Choosing to be Present in your community means choosing to keep from putting up walls. Presence demands vulnerability and authenticity. You cannot truly connect with a mentally altered individual who has been the victim of sexual abuse since they could walk without choosing to be Present. The healing power of Jesus in engaged when we choose to be Present in the very sufferings of those we are living with – refusing to keep our “pastoral” composure; rather weeping with or standing firm in loving truth when lies are exploding in every sentence a person is speaking.
I like to think of Presence as keeping our eyes fully open in our relationships; refusing to break eye contact, no matter how painful and horrendous it gets.
It is difficult to explain the practical application of Presence in Uptown. I wonder if I struggle because it isn’t really something we do – but something we choose to be. Regardless, there are ways to push ourselves into opportunities to choose to be present. And, as Deb and Alan suggest – getting to know your community is it. I cannot tell you how many stories of child abuse I have heard from adult men and women suffering from mental illness. Receiving these stories in the moment is choosing Presence. Staying by Gidget’s side as she curses God in the middle of a church service because of the loss of those she loved and the abuse she experienced through her life – is choosing to be Present.
Warning – Presence results in the sharing of pain. Praise God.
Powerlessness:
I still do not have a clear understanding of how much power I have as a single, white, master degree holding ,American woman. But moving to Uptown has helped me see it a little more. I have no concern that the cops would ever consider questioning me for any of the many crimes that take place in my neighborhood, so I freely walk the streets and investigate crime scenes once the cops are on site. I even think my personality and communication skills give me considerable power in this community.

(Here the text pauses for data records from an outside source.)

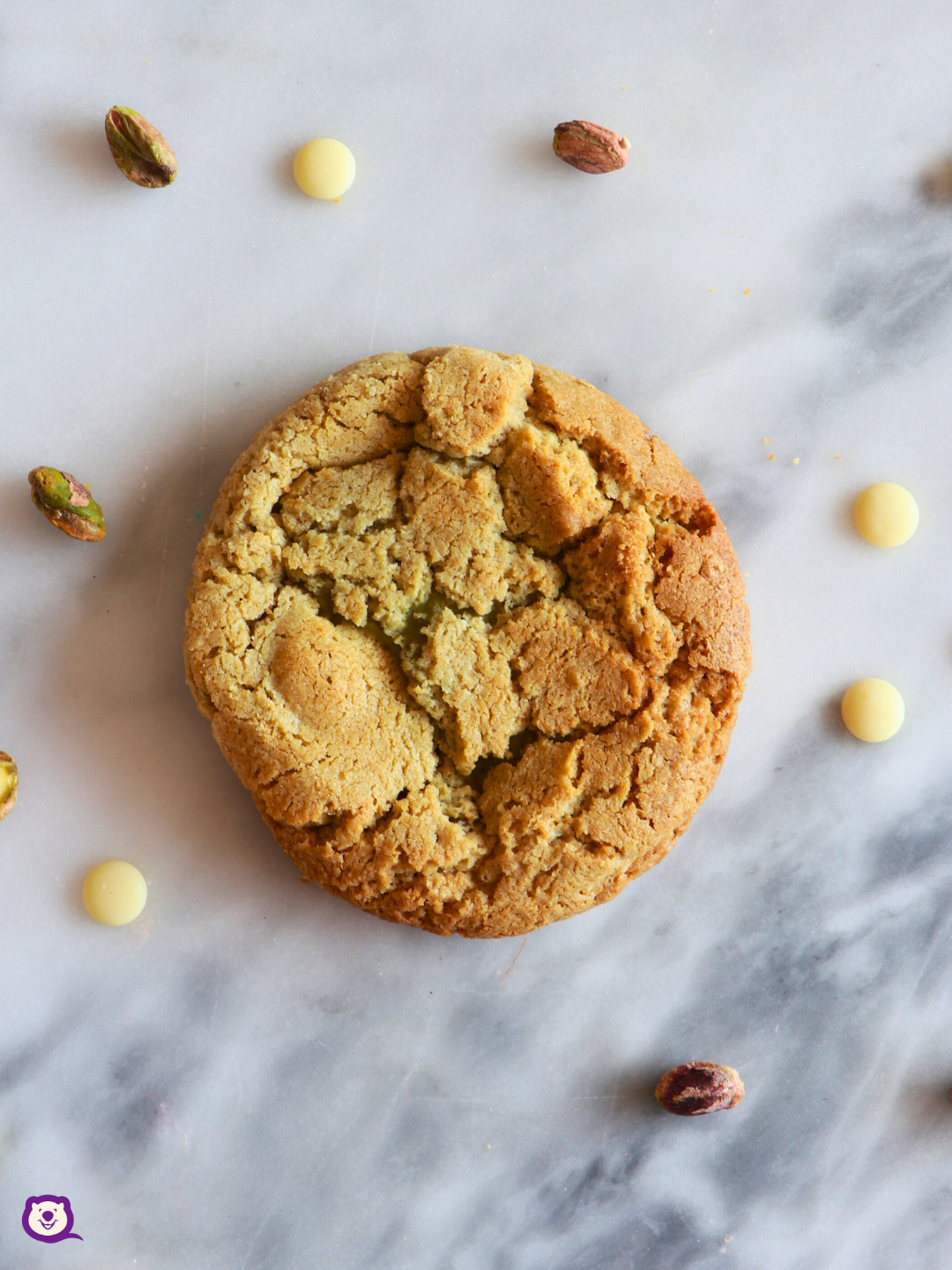 With pistachio spread blended into the dough and in the center, it adds an extra layer of rich, nutty flavor in every bite. Packed with roasted pistachio pieces for that perfect crunch, white chocolate callets for a touch of sweetness, it’s crunchy on the outside and irresistibly gooey on the inside.
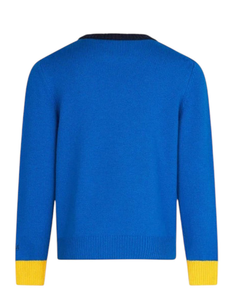 Maglia da bambino Douglas realizzata in misto lana e cashmere. Presenta collo tondo, maniche lunghe e finiture a coste. È decorata con ricamo Combina guai! sul petto.
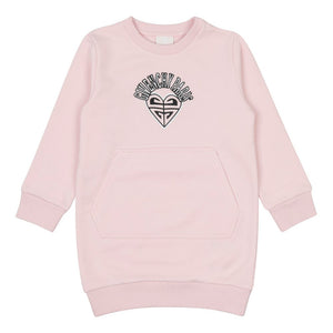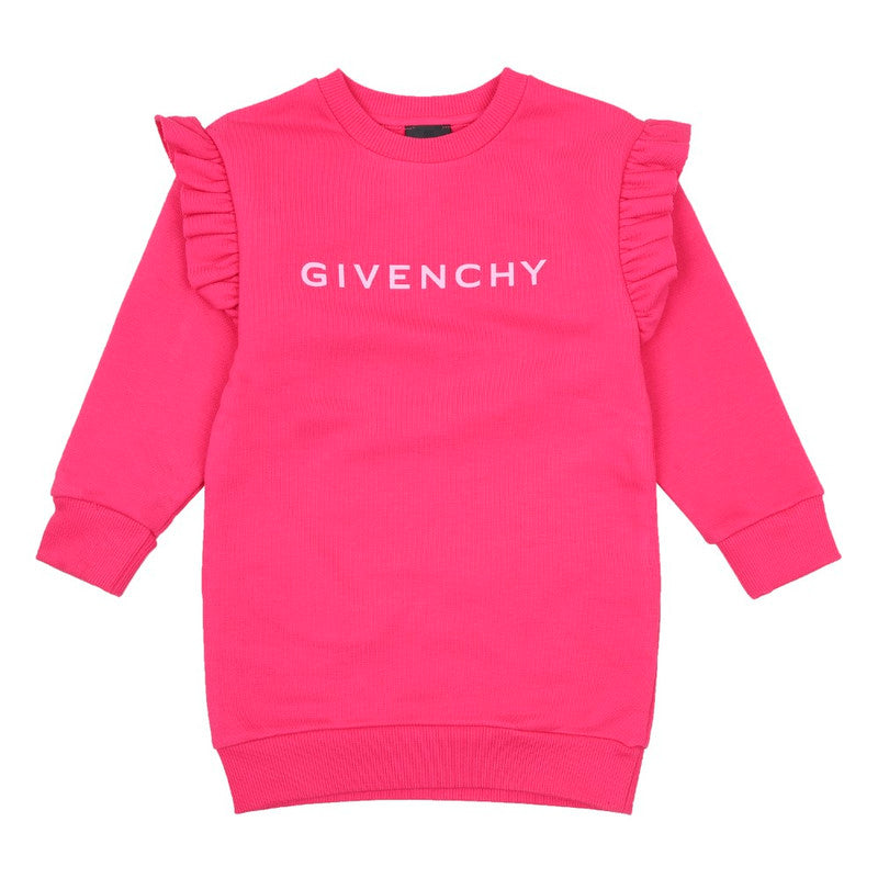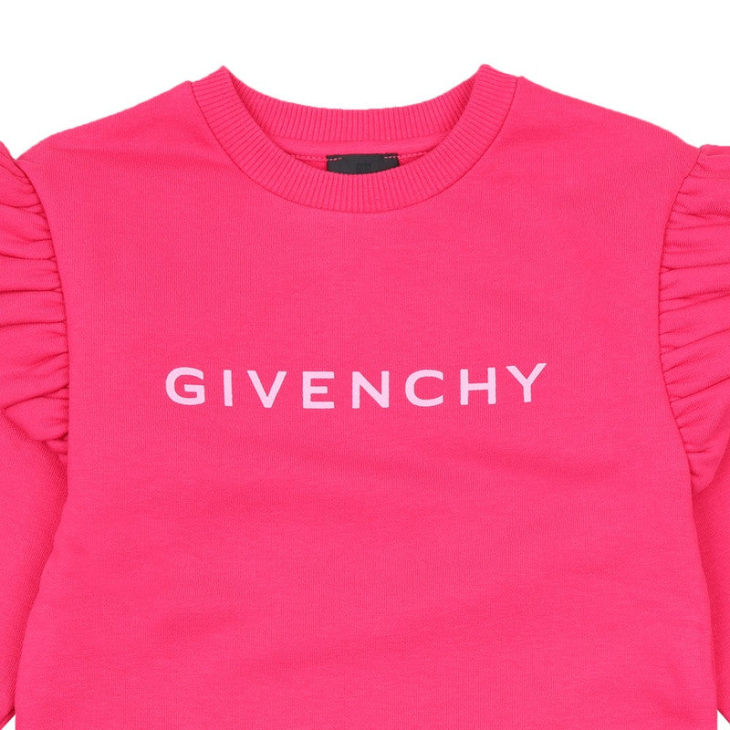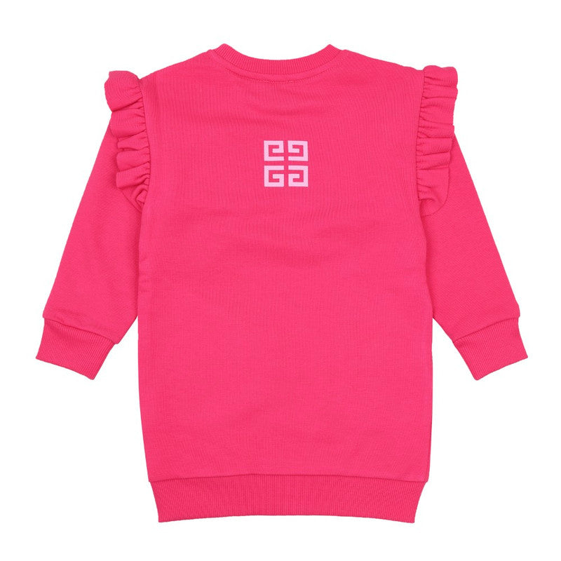 From Givenchy, a fuchsia pink cotton sweatshirt dress for girls with fun frills over the shoulders. Made in comfortable cotton jersey with a soft brushed feel inside, it has gently ribbed trims and concealed side pockets. Adding a distinctive designer finish, there is a contrasting pink logo print across the chest and a recognisable 4G logo on the back for added impact.
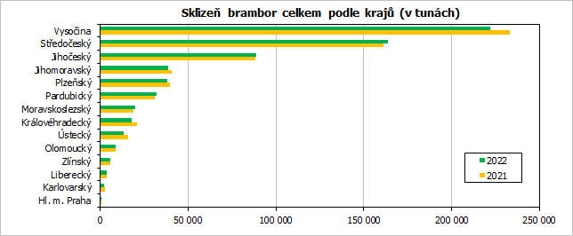 - nejvyšší sklizeň brambor (221,9 tis. tun v roce 2022)
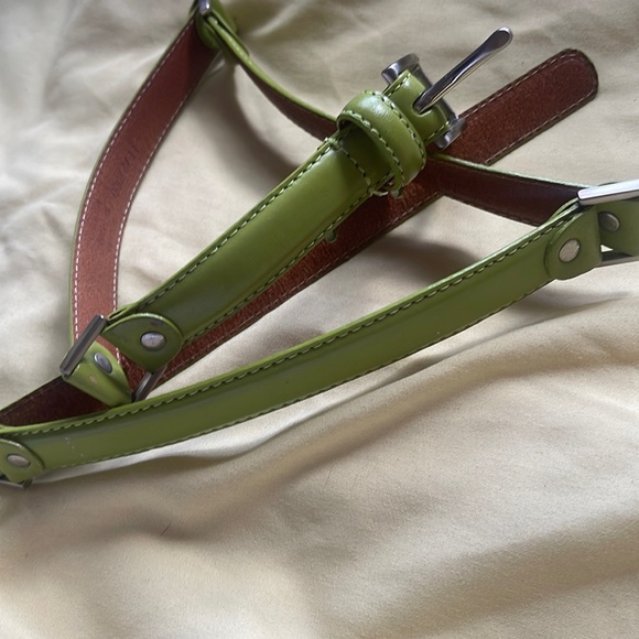 Medium lime green belt with brown interior. Faux leather

Powerlessness is choosing to give up that power for the sake of the community. I love how Deb and Alan say it; “The great challenge for us is to recognize that to be weak, needy, and even powerless is part of the human condition, not something to be abhorred. When we give up our sense of power and control, we can truly become human in a way that conforms to the image of Christ.” The reality is, all the power we feel and experience is fragile if not fabricated for our own mental well being. The beauty of choosing powerlessness is that we can identify with those who have not made the choice but were born, raise or thrust into positions of powerlessness. By submitting ourselves, we are able to bring the Gospel in such a pure way. Why do I say pure?
Philipians 2:5-8 explains it.
5Your attitude should be the same as that of Christ Jesus:
6Who, being in very nature[a] God, did not consider equality with God something to be grasped,
7but made himself nothing, taking the very nature[b] of a servant, being made in human likeness.
8And being found in appearance as a man, he humbled himself and became obedient to death— even death on a cross!
Powerlessness is the decision Jesus made by becoming human, and it is necessary for us to live lives and incarnation ministers in our communities.
I have much to learn about what it means to give up power in Uptown, but one experience I have had has made me realize that I like my power a lot more than I thought. The first time I stood in line for a meal at a soup kitchen, I was overwhelmed with shame. It was like the Jr. High lunch room, only a whole lot worse. I did not need to be there. I had “good food” at home that I much preferred to this free stuff. The men in front of me and behind me were strangers, and this didn’t seem like the place to start a new friendship, not to mention dozens of eyes were looking at me, some knowing who I was others wondering how exactly I found myself in this line with them. It was humiliating. But that plate of food that I received allowed me to sit at a table with some of the most wonderful men and women in our country. That is why, week after week, I eat meals in these soup kitchens. Sitting at the dinner table is always an experience in community, and by making a choice to pull up a chair, I am attempting to awaken some identity back to the powerless of Uptown.